Mechanism-Based Approach to Clinical Trial Design in Chemotherapy-Induced Peripheral Neuropathy

Jennifer Gewandter, PhD; Patrick Dougherty, PhD; Roy Freeman, MD

Chemotherapy-induced peripheral neuropathy (CIPN) occurs in approximately 60% of patients who receive neurotoxic chemotherapies and becomes chronic in approximately 50% of those patients. CIPN symptoms include pain, tingling, cramping, numbness, and weakness. CIPN can cause chemotherapy dose-reductions and discontinuation, potentially increasing mortality. CIPN also adversely affects patient quality of life. No preventive treatments for CIPN are available. Advances in understanding of basic science and clinical mechanisms of CIPN are imperative to identifying novel preventive and symptomatic treatments. Furthermore, these mechanisms should be used to inform clinical trial design. Dr.

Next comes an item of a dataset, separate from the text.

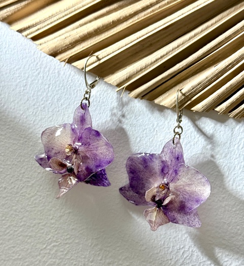 Cercei orhidee mini naturali în rășină montura argint farmec delicat al florilor presate

Dougherty will present data from clinical studies that appear to validate findings from laboratory studies that highlight key risk factors for the development of CIPN. Dr. Freeman will discuss the mechanisms underlying the neurotoxicity of different chemotherapeutic agents; their varying clinical manifestations; and their clinical course. Dr. Gewandter will review clinical trial design considerations for clinical trials of preventive and disease modifying CIPN treatment developed at an expert consensus meeting. She will emphasize consideration of the mechanisms of the experimental treatment and CIPN when designing inclusion criteria, outcome measures, and biomarkers. These considerations will also serve as an example for RCTs of pain prevention in other areas.

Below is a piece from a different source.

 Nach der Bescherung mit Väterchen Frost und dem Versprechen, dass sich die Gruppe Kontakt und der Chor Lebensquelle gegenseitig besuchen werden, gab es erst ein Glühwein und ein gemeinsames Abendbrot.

Migraine and Sleep Deficiency in Adolescents: Understanding Shared Mechanisms from Bench to Bedside

Emily Law, PhD; Christopher King, PhD; Andrew Russo, PhD

Dr. Andrew Russo will present recent data from animal migraine models examining the impact of sleep deficiency on the development of peripheral and central sensitization associated with transition to chronic pain. Follow sleep deprivation, findings indicate cellular changes in the trigeminal ganglion and spinal trigeminal nucleus are temporarily correlated with nocifensive behaviors in episodic and chronic pain migraine pathology models. Novel therapeutic interventions that influence pain modulation pathways will be presented.
Dr. Christopher King will present recent imaging research examining neurobiological differences between adolescents with and without migraines, including alterations in resting cerebral blood flow and functional connectivity between limbic and frontal cortical regions related to migraine frequency and sleep assessments. Finding suggest sleep deficiency can impact structural and functional brain areas, which could be normalized with treatment.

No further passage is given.